Fernando et al. found no significant association between increased mortality in hospitals and new-onset AF in patients who were critically ill [15]. They did, however, find an association in patients who were suspected to have sepsis, shock, and infection. The factors predicting hospital mortality in patients with new-onset AF were age, previous history of congestive heart failure, the severity of the illness, and prolonged AF. Similarly, in our study, recurrent AF was seen with cardiovascular risk factors such as congestive heart failure and cerebrovascular accidents. Karamchandani et al. revealed that new-onset AF was more frequent in critically ill patients and was associated with increased mortality [16]. The authors concluded that a history of vascular disease in new-onset AF patients increases the mortality rate even further.
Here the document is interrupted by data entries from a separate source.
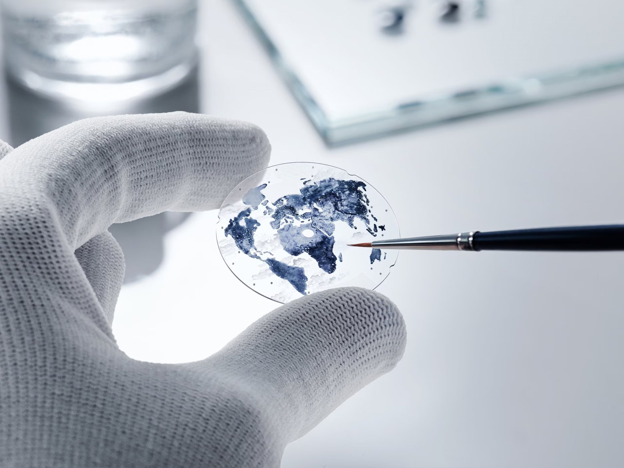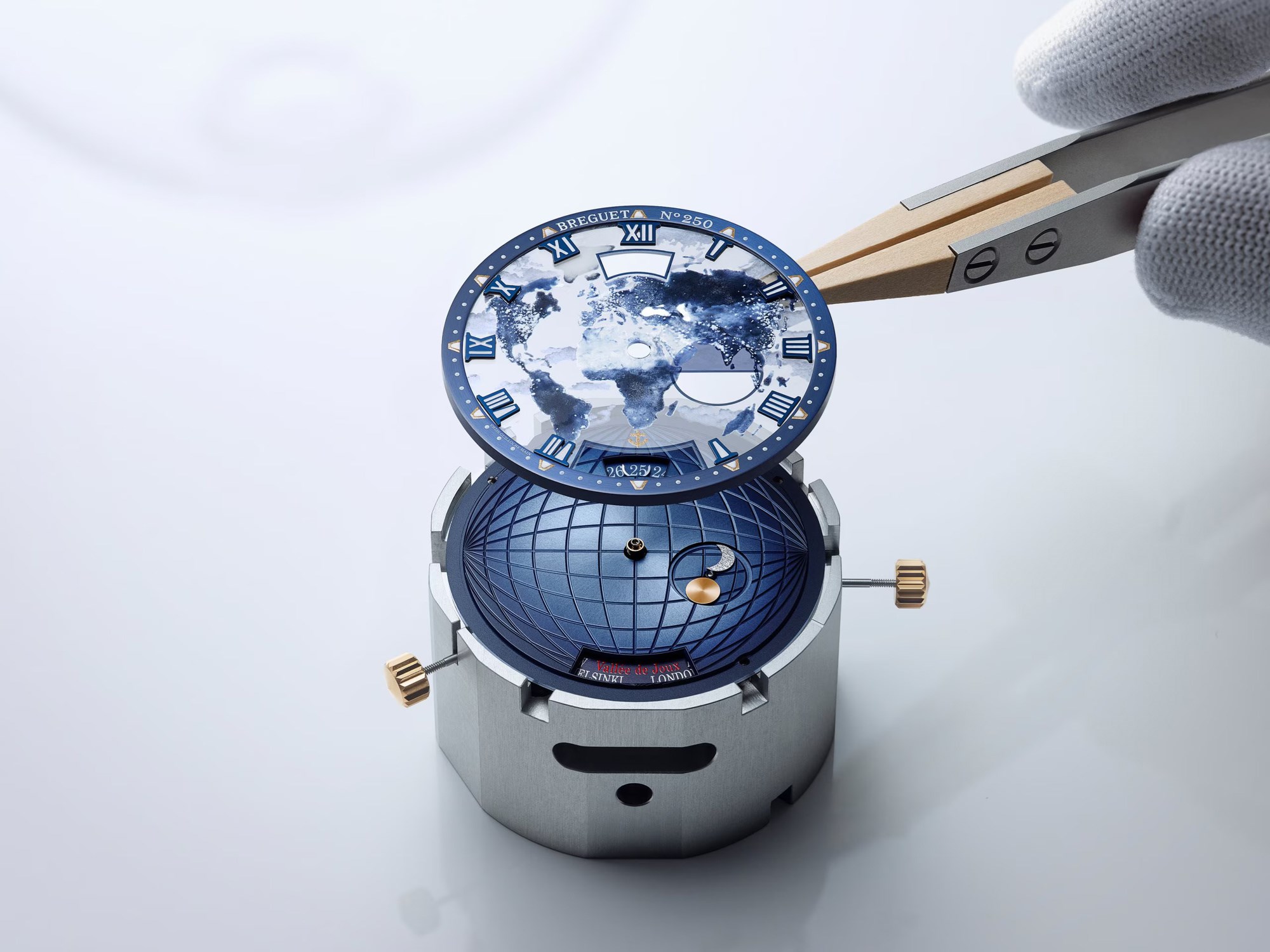 Preko njega postavljen je prozirni safirni disk koji nosi tri faze ručno oslikanog minijaturnog emajla: kontinente ugravirane i pečene u grand feu tehnici, plutajuće oblake na površini kristala i fosforescentne točkice koje predstavljaju gradska svjetla. Ovaj složeni i patentirani rad s emajlom osigurava da nijedan brojčanik - i nijedan noćni krajolik - nikada nije potpuno isti.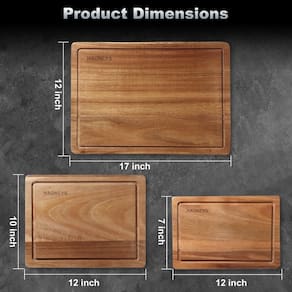 conjunto de madeira de tábua de corte grande - Conjunto de tábua de corte multifuncional – Este conjunto de tábua de corte vem em 3 tamanhos, 43 x 30 cm para cortar carne ou bife, 30 x 25 cm para cortar legumes, 30 x 18 cm para cortar frutas, pães e mais. Três tamanhos de tábuas de corte de madeira para suas necessidades regulares de corte. Elas também podem ser usadas como bandejas para entreter convidados. - Processamento de nova tecnologia: nossa tábua de corte após o novo processo de tratamento de água de bloqueio, este método de tratamento faz com que a tábua de corte do conteúdo de água da placa mantenha uma duração de cerca de 13%, fortalece a estabilidade da madeira, se a tábua de corte é mais sólida não é fácil de rachar e deformação. - Cada tábua de cortar tem uma calha de suco na frente para coletar o excesso de líquido enquanto prepara alimentos, e cada uma tem alças ocultas que podem ser usadas como uma bandeja de entretenimento. - Uso de dupla face – Todas as 3 tábuas de cortar podem ser viradas para uso frente e verso, cada tábua tem uma calha de suco na frente para coletar o excesso de líquido enquanto corta alimentos e alças embutidas para fácil acesso e movimento. - Sobre o uso e cuidados - Enxágue a tábua com detergente comum (não pode ser lavada na lava-louças) e proteja-a com uma aplicação regular de óleo vegetal ou óleo de cozinha para deixá-la bonita e durar mais tempo.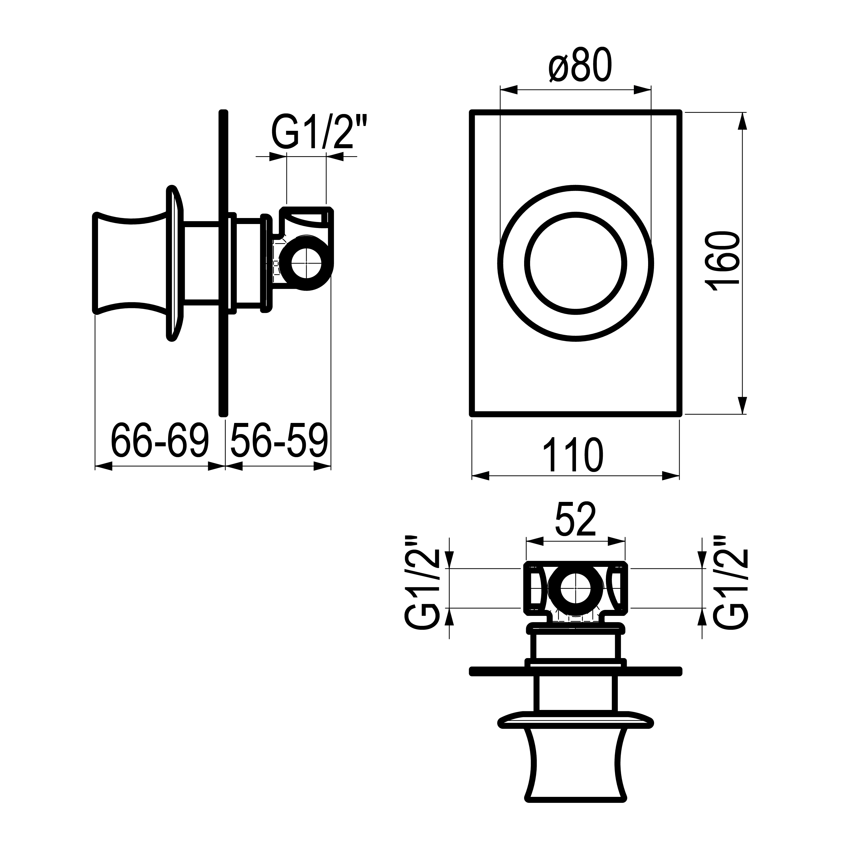 Grifo fabricado en latón con acabado cromado. Presión mínima de uso: 0,5 bar. Accionamiento mediante maneta. Cartucho sellado con discos cerámicos de diámetro 35 mm. Placa embellecedora regulable.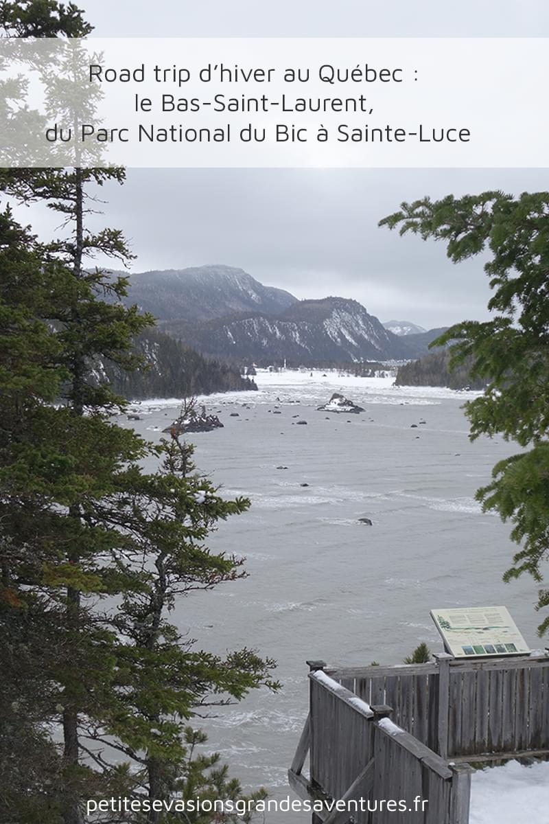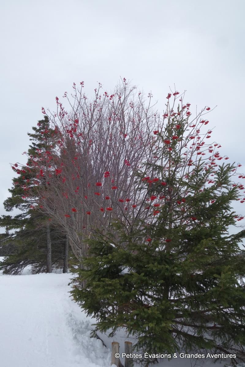 Le lendemain matin, on a rejoint le Parc National du Bic sous un ciel gris et chargé. Le Parc est niché entre la route 132 et l’estuaire du Saint-Laurent, à 20 kilomètres au sud-ouest de Rimouski. Il est administré par la SEPAQ qui gère les nombreuses activités proposées sur ce territoire de 33,2 km². En hiver, des sentiers sont aménagés pour les randonnées pédestres ou en raquettes et le ski nordique.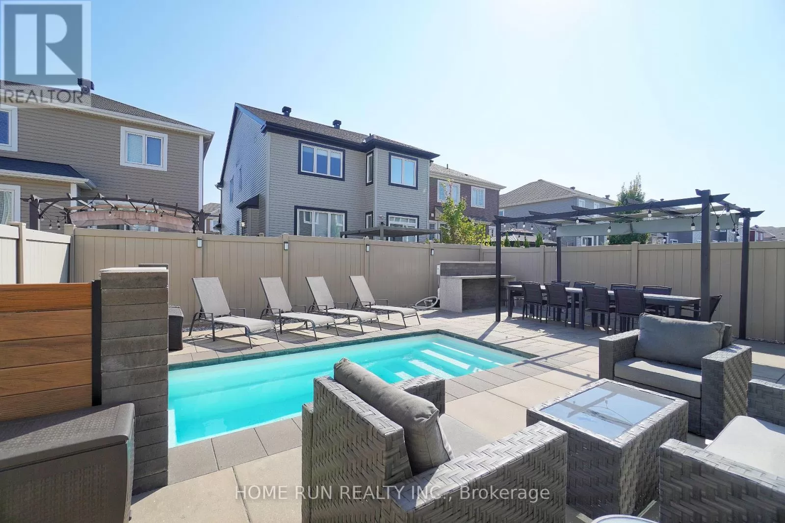 Devario and Fameflower Date Available: NOV 1, Luxurious Fully Landscaped Double Garage Single Home in Half Moon Bay. This ALL-SEASONS PARADISE has a fully fenced + interlocked Backyard Oasis, comes with an incredible Saltwater Pool with Waterfall and LED Lights, Outdoor bar, Stone patio and Pergola. Fully landscaped from front to back, interlocked driveway and front porch with in-ground lightings. Thoughtfully designed open concept floor plan, Hardwood Flooring throughout 2 levels, the main level comes with a welcoming foyer, access leading to the formal dining room and great room with stone wall fireplace. EPIC Kitchen with luxury finishes, rich millwork, quartz counters, built-in appliances (double oven and gas cooktop), oversized centre island, large pantry & breakfast area. Hardwood stairs to the impressive 2nd level, primary bedroom comes with an oversized walk-in closet and dressing room + luxury 4pc ensuite. 2 Proportional bedrooms + full bathroom + laundry room complete the 2nd level. Please include proof of income, credit report and photo ID with rental application. No Pets, No Smokers, No roommates. (id:27476)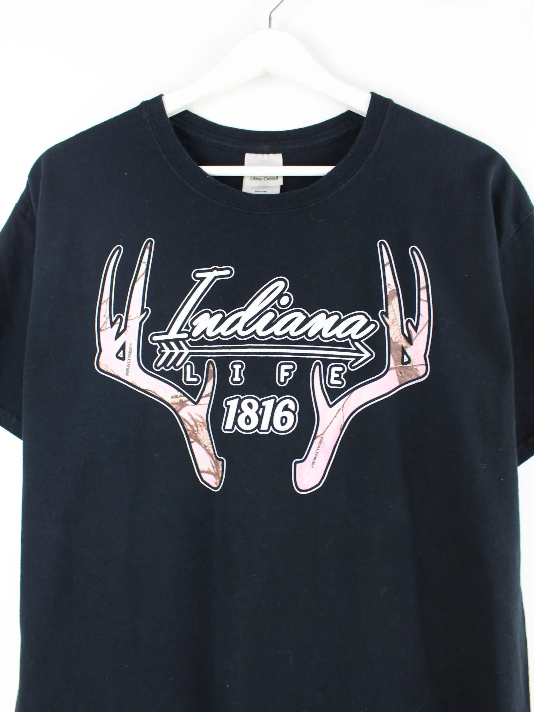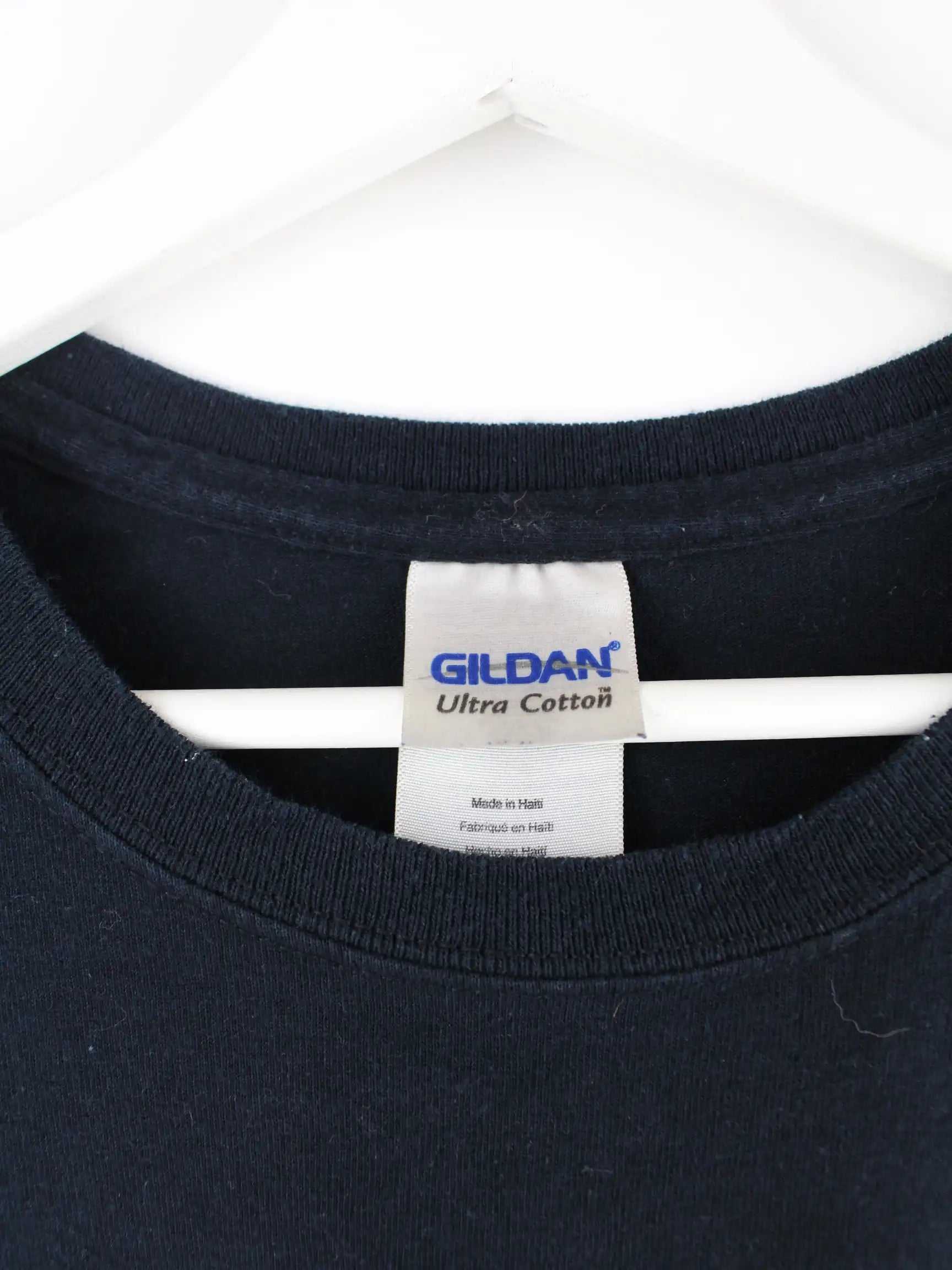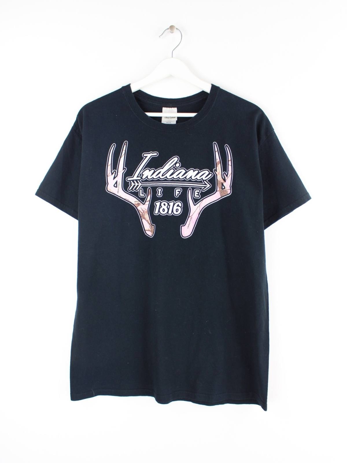 T-Shirt vom Brand Gildan in Größe L. Es ist aus Baumwolle angefertigt und in Schwarz in Stock. Mit schönem Indiana Print.
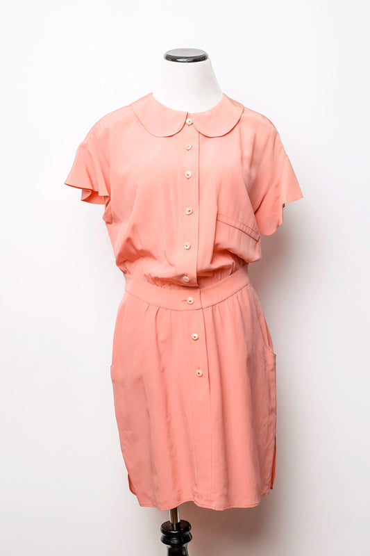 Karl Lagerfeld Peach Silk Dress Peter Pan Collar Ruffle US 6, 90's

In a similar study, Wu et al. stated that ICU stays and mortality are longer in patients with new-onset AF as compared to patients who did not have AF [17]. Same as previous studies, the authors found risk factors to be age, sepsis, and shock along with organ failures, patients having a pulmonary catheter, fluid loading, and mechanical ventilation. In other studies, new-onset AF was seen with worse outcomes in patients who were critically ill and these patients were also seen with a high incidence of new-onset AF [18,19]. Our study was not without limitations. For instance, due to a smaller undiversified patient subset, the study findings could not be generalized to a larger population.

Conclusions

The present study indicated that AF was a predictor of mortality hence, associated with poor patient prognosis. The occurrence of atrial fibrillation was associated with high in-hospital mortality and longer hospital stay. Further large-scale studies should be conducted to explore other socio-demographic and clinical risk factors.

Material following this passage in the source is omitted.